By using STM32 as the system’s core, InTechHouse achieved efficient data management, deterministic operation, and stable time control for precision tasks. Meanwhile, the ESP32, with its dual core processor, was utilized where wireless connectivity was required—for handling cloud communication, TCP/IP and MQTT protocols, and OTA updates.
As a result, the project combined the strengths of both platforms: STM32 for reliability, precision, and energy efficiency, and ESP32 for rapid network integration and flexible feature expansion. This hybrid approach proved effective in a system that required both stable data processing, remote communication, and various other supplementary features with easy maintenance included.

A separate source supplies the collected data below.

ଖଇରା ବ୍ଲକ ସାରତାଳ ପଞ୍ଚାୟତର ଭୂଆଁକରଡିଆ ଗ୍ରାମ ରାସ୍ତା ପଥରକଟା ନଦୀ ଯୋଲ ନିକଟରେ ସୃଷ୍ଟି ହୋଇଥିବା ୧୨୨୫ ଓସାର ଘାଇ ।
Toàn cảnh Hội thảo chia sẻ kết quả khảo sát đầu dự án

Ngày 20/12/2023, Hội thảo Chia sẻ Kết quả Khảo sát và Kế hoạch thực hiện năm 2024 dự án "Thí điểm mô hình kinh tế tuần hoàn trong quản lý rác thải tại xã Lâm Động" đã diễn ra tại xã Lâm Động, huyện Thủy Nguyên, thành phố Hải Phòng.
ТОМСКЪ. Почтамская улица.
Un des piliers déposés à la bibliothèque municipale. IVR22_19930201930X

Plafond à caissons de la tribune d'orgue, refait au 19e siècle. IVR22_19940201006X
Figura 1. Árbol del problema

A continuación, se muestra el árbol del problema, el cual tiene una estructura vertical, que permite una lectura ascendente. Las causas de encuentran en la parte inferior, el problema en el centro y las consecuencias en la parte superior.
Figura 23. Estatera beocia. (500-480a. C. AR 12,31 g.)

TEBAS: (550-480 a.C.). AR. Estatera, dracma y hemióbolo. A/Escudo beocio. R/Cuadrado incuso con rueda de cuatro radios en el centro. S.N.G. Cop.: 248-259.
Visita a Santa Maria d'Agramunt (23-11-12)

More about this case you can read here:
There is no one-size-fits-all answer to the question: “Which microcontroller is better?” Both STM32 and ESP32 have earned their place in the IoT ecosystem. Not as competitors, but as complementary tools tailored to different project needs. In practice, hybrid approaches are becoming increasingly common, where both chips coexist, each handling tasks best suited to its strengths. This strategy offers greater flexibility and allows system architecture to adapt to evolving requirements while keeping development costs combined.
If you’re looking for a partner who not only understands technology but truly understands your business needs, InTechHouse is the right choice. Our team combines engineering expertise with a practical approach to embedded and IoT system design. Whether you’re building a product from scratch or navigating the development process, we’re here to help. If you’re upgrading existing hardware or need reliable support with software, hardware, or system integration, we’re ready to deliver. We provide tailor-made solutions to match your specific needs. Trust the experts and book a free consultation today.

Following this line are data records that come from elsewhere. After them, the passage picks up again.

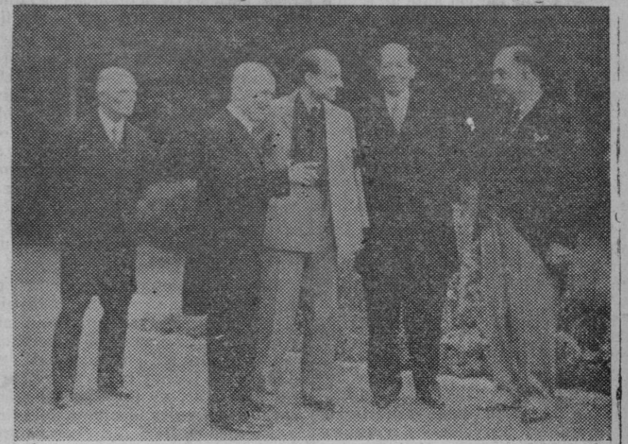
En Bled (Yugoeslavia), ha tenido lugar la conferencia de la pequeña entente. El príncipe regente Pablo de Yugoeslavia con los ministros autorizados de la pequeña entente, a la izquierda del regente Pablo, el Sr. Benes (Checoslovaquia), a la derecha el Ministro de Negocios Extranjeros de Rumania, Sr. Titulesco y el de Turquía señor Roushdi Aras.

Así está planteada la lucha, y ese es el cuadro político. Las izquierdas no llegan a un acuerdo. Su relación con los socialistas es—a causa de esa división de que hablaba antes—verdaderamente difícil. Entretanto, el gobierno se mantiene con absoluta cohesión y anuncia que en noviembre convocará elecciones para renovar los ayuntamientos y pulsar, de esa forma, la situación y la voluntad auténtica del país. Se discute en estos
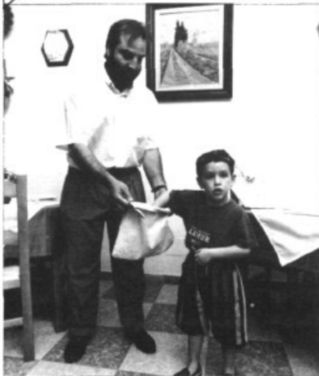
L'extracció de les paperetes durant el segon sorteig

Viatges Marratxí té organitzat per a la propera tardor un fabulós viatge a Salvador de Bahia, Brasil , i els lectors de Pòrtula tenen una oportunitat única d'anar-hi amb Viatges Marratxí . Del 20 al 27 d'octubre, els meravellosos paisatges de Salvador de Bahia esperen als marratxiners i als mallorquins. Per 85.000 ptes podeu passar una setmana de somni en un hotel de quatre estrelles a una de les platges de moda de més fama mundial. I si cercau la ventura hi podreu anar gratuïtament. El setembre tindrà lloc el sorteig estrella i si ja teníeu la vostra reserva feta Viatges Marratxí vos abonarà el seu import. No espereu més. Cercau la ventura i anau al Brasil amb Viatges Marratxí i Pòrtula . ■
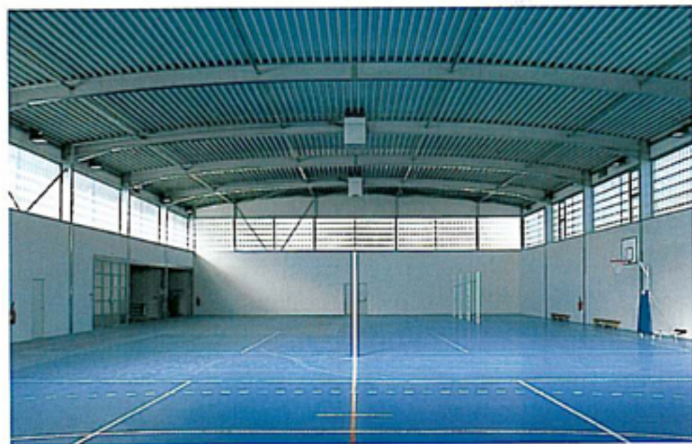
L'intérieur de la salle.
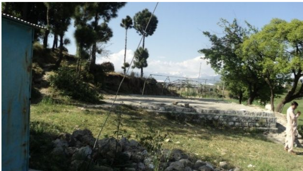
ブッサ男子小学校：事業開始前様子
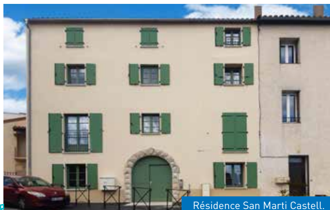
Résidence San Marti Castell.

L'arche en pierre a ainsi été sauvegardée et remise en place à l'issue de la reconstruction qui a donné lieu à un bâtiment de 4 logements (2T2, 1T2 duplex et 1T3 duplex) situés 2 place San Marti à Canet-en-Roussillon.
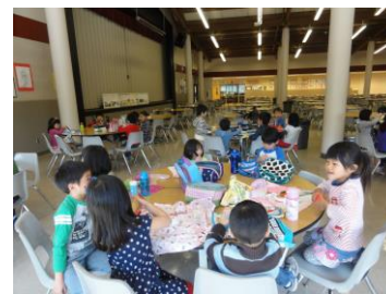
いつもおいしいお弁当
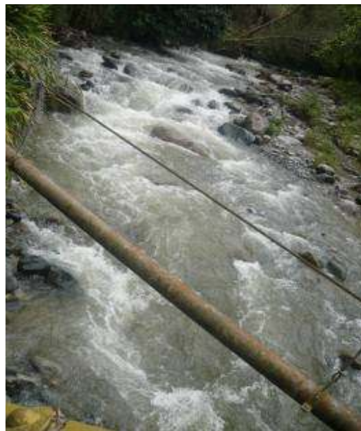
Cuenca media Río Guadalajara

En los Planes de Desarrollo citados anteriormente, el municipio no incorporó el Programa de uso eficiente y ahorro del agua, como lo estipula el parágrafo 1 o del artículo 3 de la Ley 373 de 1997, independiente de que éste se incluya en el Plan de Acción de la Empresa prestadora del servicio de acueducto (HA-3)
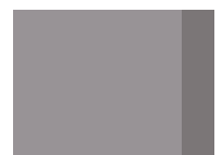
843 Pearl Grey
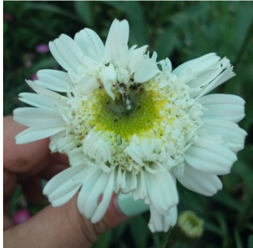
Dégâts et présence de chenille dans fleur
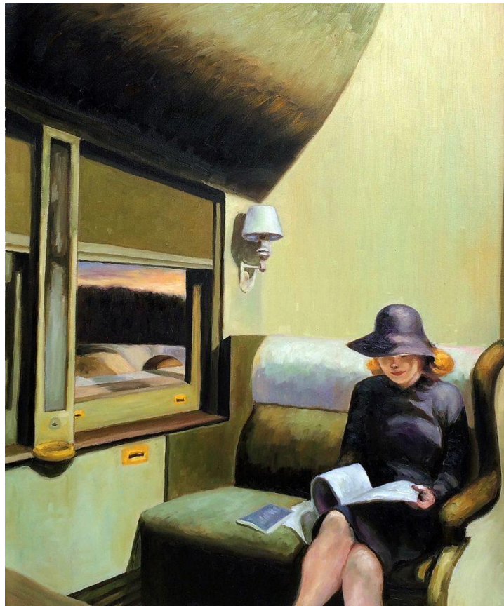
Edward Hopper Compartment C, Car 293 , 1938 Oil on canvas, 50 x 45 cm

© Private collection Photograph © Geoffrey Clements/Corbis

Which microcontroller is better for rapid prototyping?
ESP32, thanks to its ease of deployment, Arduino compatibility, and wide range of available open-source libraries.
Can STM32 and ESP32 be used together in one project?
Yes, this is a common approach: STM32 serves as the main control unit, while ESP32 functions as the communication module.
What development environments are available for STM32 and ESP32?
Can I use the Arduino IDE with STM32?
Yes, Arduino support is available for selected STM32 models, but its functionality and stability are more limited compared to ESP32.
Which microcontroller is better for beginners?
ESP32 – it offers an easier learning curve thanks to Arduino IDE support, a large number of tutorials, and many ready-to-use open-source projects.